Luehrsen K R, Walbot V
Department of Biological Sciences, Stanford University, CA 94305.
Mol Gen Genet. 1991 Jan;225(1):81-93. doi: 10.1007/BF00282645.
The inclusion of the alcohol dehydrogenase 1-S(Adh 1-S) intron 1 in the transcription unit of maize gene constructs has been shown to increase gene expression in cultured maize cells. We have extended these studies with Adh1-S intron 1 using the firefly luciferase, Escherichia coli beta-glucuronidase and chloramphenicol acetyltransferase reporter genes adjoined to different plant promoters and find enhancement of transient gene expression in all cases but one. We also show that the enhancement phenomenon can be mediated by the third intron of the maize actin gene. In all cases tested, the inclusion of an intron results in increased levels of steady-state RNA. The degree of enhancement depends on the exon sequences flanking the intron; flanking exons also influence the efficiency of intron splicing. Unexpectedly, unspliced RNAs accumulate during the transient assay.
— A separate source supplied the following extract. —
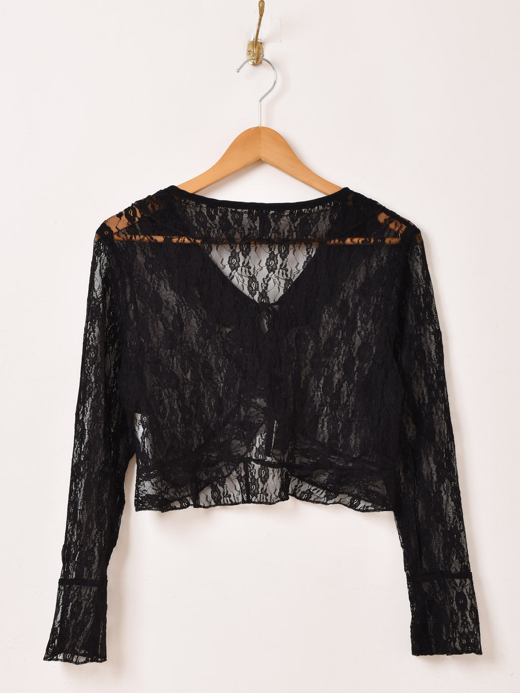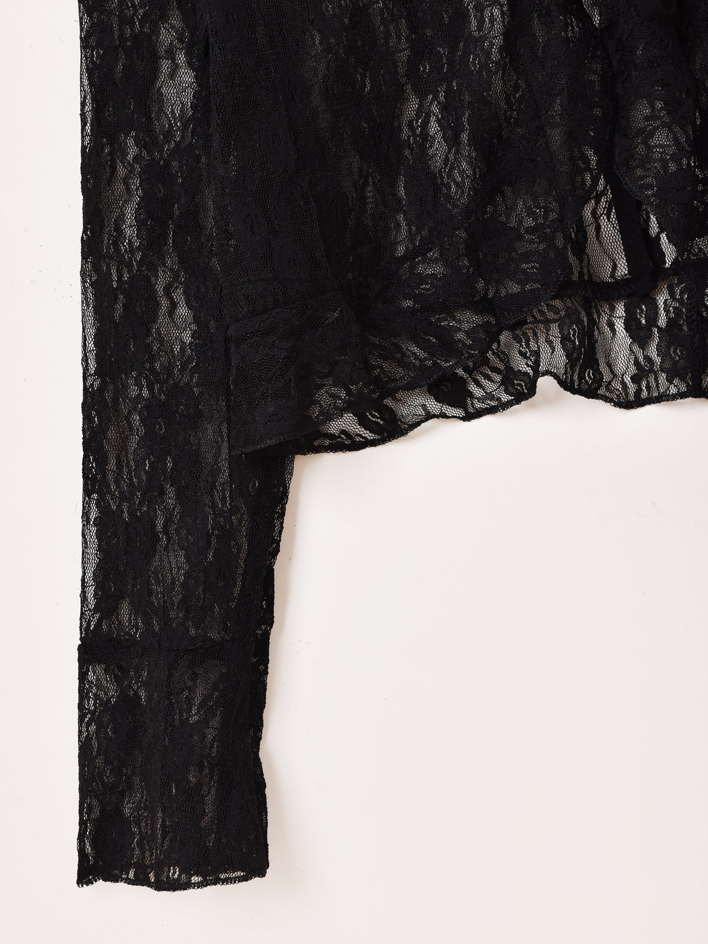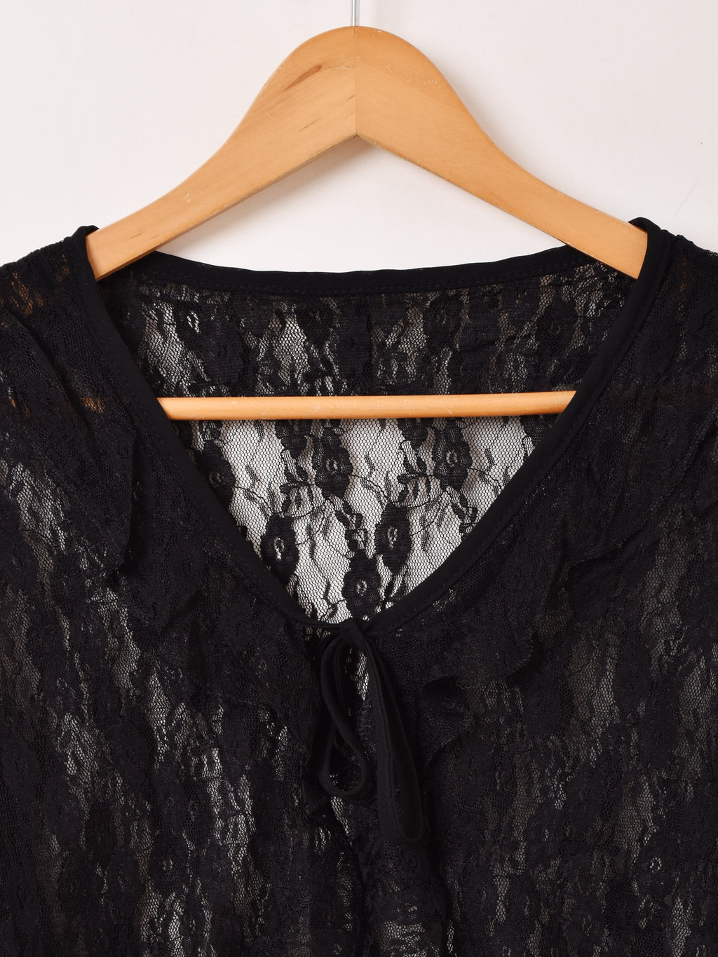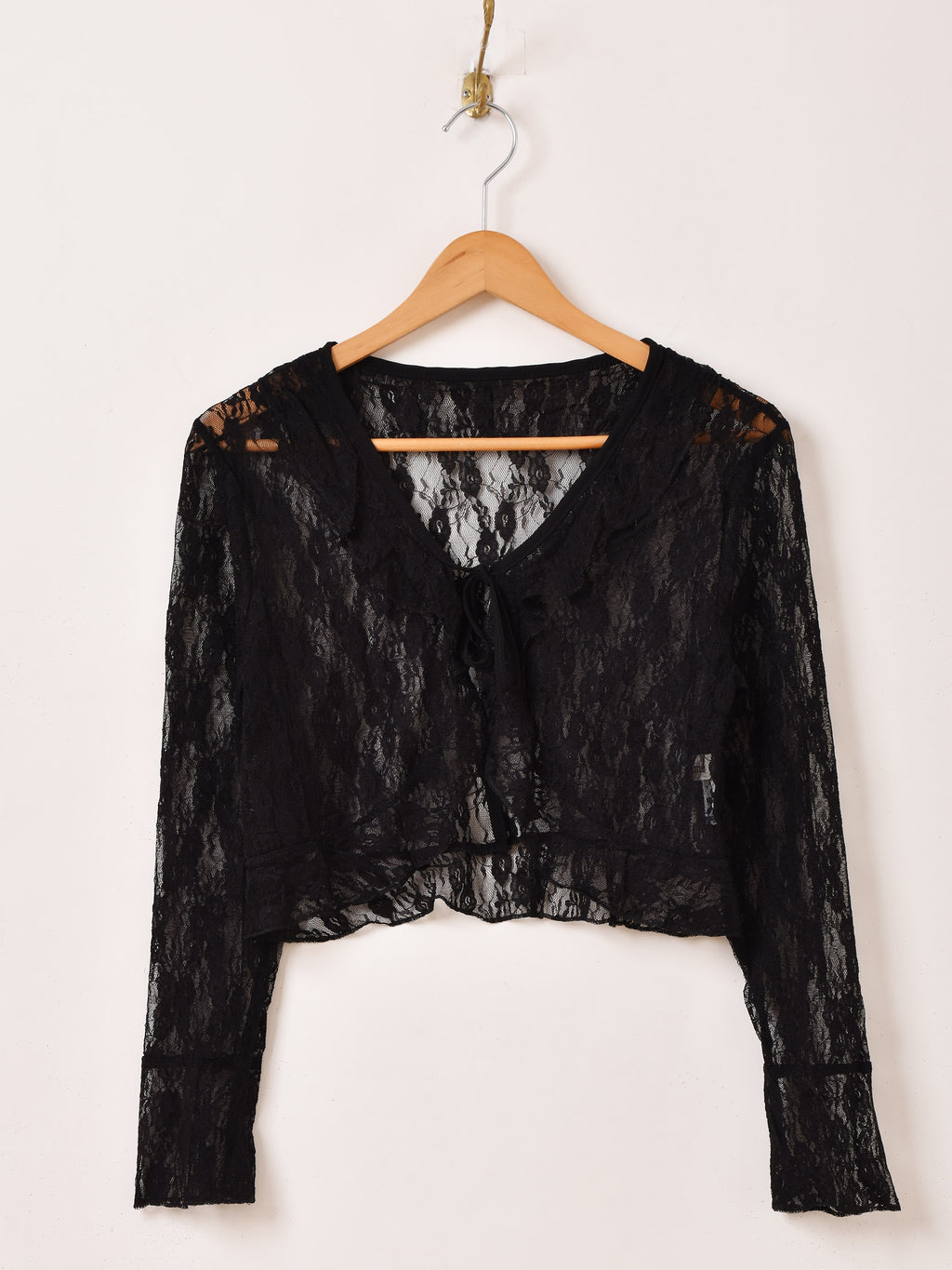 フリルをあしらい、レースのラグジュアリーな雰囲気が可愛いブラウス。フロントはリボン結びで留めるタイプです。スタイル良く見せられるクロップド丈も嬉しい一着です。

已证明在玉米基因构建体的转录单元中包含乙醇脱氢酶1-S(Adh 1-S)内含子1可提高培养的玉米细胞中的基因表达。我们使用萤火虫荧光素酶、大肠杆菌β-葡萄糖醛酸酶和氯霉素乙酰转移酶报告基因,将其与不同的植物启动子相连,对Adh1-S内含子1进行了这些研究的扩展,发现除了一种情况外,在所有情况下瞬时基因表达均得到增强。我们还表明,增强现象可由玉米肌动蛋白基因的第三个内含子介导。在所有测试的情况下,内含子的包含导致稳态RNA水平增加。增强程度取决于内含子两侧的外显子序列;侧翼外显子也影响内含子剪接的效率。出乎意料的是,在瞬时测定过程中未剪接的RNA会积累。